"Lost" and fatherhood

"Lost", "Lost" It is one of the series that has had the most impact in recent times and now, with the sixth season, has returned with renewed momentum. I confess I follow the series and I go crazy lost around and around the possible explanations to so many mysteries.

Do you wonder what this series has to do with the theme of our blog? Yes, it has, and a lot, because "Lost" explores the consequences of the lack of love and respect towards children until their final consequences.

Surely among the readers of Babies and more We have followers of which some consider one of the best television series. And they will understand me, although anyone can identify with the plot I am going to talk about because it is about parents' love for their children.

I am not going to talk about theories, or the struggle of good and evil, or science and religion, or destiny and freedom, or even, of course, what the final mystery or explanation may be that reveals what has been All this time passed. No, that would be the subject we discussed, to talk about the series as a whole I refer you to our blog friend Vaya Tele.

I am going to talk about fatherhood, as a fundamental element in the development of children's personality and their future. It is one of the recurring themes of "Lost" and leads society, along this path, a fundamental issue.

The characters in this series carry an enormous weight that determines their past, their future, their reactions and their decisions.

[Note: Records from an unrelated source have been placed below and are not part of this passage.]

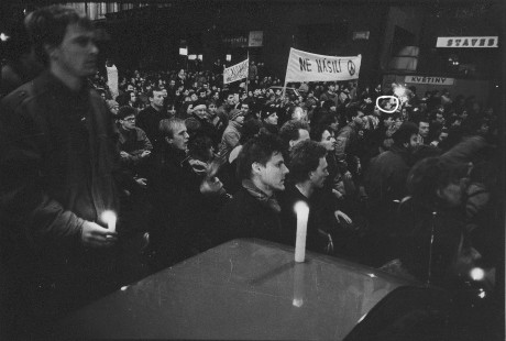Narodni trida 17.11.1989 večer, ještě před zásahem. To jsem už nefotil já, ale naopak někdo vyfotil mě (to je ta o 20 let mladší bíle zakroužkovaná ještě naivní hlava :-)) 5-6 řad přede mnou je ten slavný kordon příslušníků Pohotovostního pluku.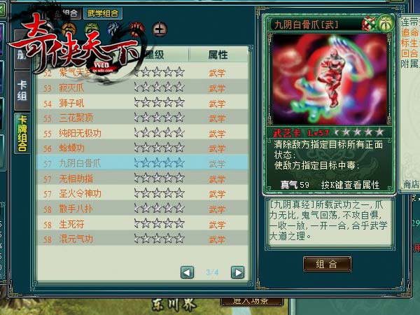 《奇侠天下》是由成都星漫科技精心巨制的一款以金庸武侠为题材的WEB game。创新的战斗模式,不仅拥有传统回合制网游的休闲娱乐性,还可从全新的卡牌式对战中体验到武功千变万化、招式随意组合。五行元素的植入, 写实的美术风格,令人回味的剧情,淋漓尽致的展现出纯正武侠的魅力!
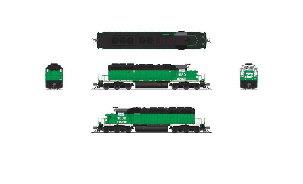 The N Scale Broadway Limited EMD SD40-2 is based on one of the most popular diesels ever built. Introduced by EMD in January 1972, the SD40-2 is one of the most popular diesel locomotives of all time. Between 1972 and 1989, EMD built nearly 4,000 units. These 3,000 horsepower machines were found to be more reliable than higher horsepower locomotives, and the SD40-2 became the standard of the industry for several decades. The SD40-2 shares a common frame with the SD38-2 and the SD45-2. The frame was lengthened to accommodate the new HT-C trucks, which were 1.5 feet longer than the Flexicoil truck found on the SD40's. With a longer frame, but similar sized long hoods, the SD40-2's have distinctive "porches" on either end. These empty areas are good spotting features for SD38-2 and SD40-2 locomotives. The SD40-2 can be further distinguished from the SD38-2 by its three roof-mounted radiator fans and a single large exhaust stack. This Stealth Series no-sound/DCC-ready model operates on DC out of the box, or a modeler can easily install their DCC decoder of choice. Out of the box, front and rear lights are directional, and other lights are always ON with track power. Additionally some lighting functions may be missing depending on selected aftermarket decoder the modeler installs. This model includes a motherboard with a NEXT18 18-pin decoder socket so you can add your favorite DCC or sound decoder when you're ready. It also features a built-in speaker so you won't have to add one later. Other features include a heavy die cast chassis and select roadname-specific details. Its wheels are profiled to operate on Code 55 and larger rail and curves of 9-3/4" radius but larger curves are recommended. The EMD SD40-2 is one of many Broadway Limited N Scale locomotives.

And this burden is that of terrible parents who marked them from childhood with abandonment, abuse or, simply, heartbreak and devaluation.

Redemption inevitably involves breaking with the past and making it different, so that children grow up with parents present, able to deny the damage suffered and not repeat it with the children themselves. Appreciate them, respect them for being as they are, without demanding that they meet expectations or judge them. Loving them, simply conveying to them that we like them as they are.

"You have what it takes"

And this is what I meant when I brought Babies and more "Lost." Each generation can be the first generation. Our ancestors, from time immemorial, conceived paternity as possession and abuse was justified in the name of education or with the excuse of the needs and tensions of adults.

But, as I was saying, we can be that first generation that refuses to repeat the sufferings we suffer on children and regain parenting as the space of regeneration of a society that does not repeat violence.

That's why when I see "Lost" I analyze the relations of fathers and mothers with their children, because it shows us that we have the greatest possible responsibility, to be better fathers than others were with us.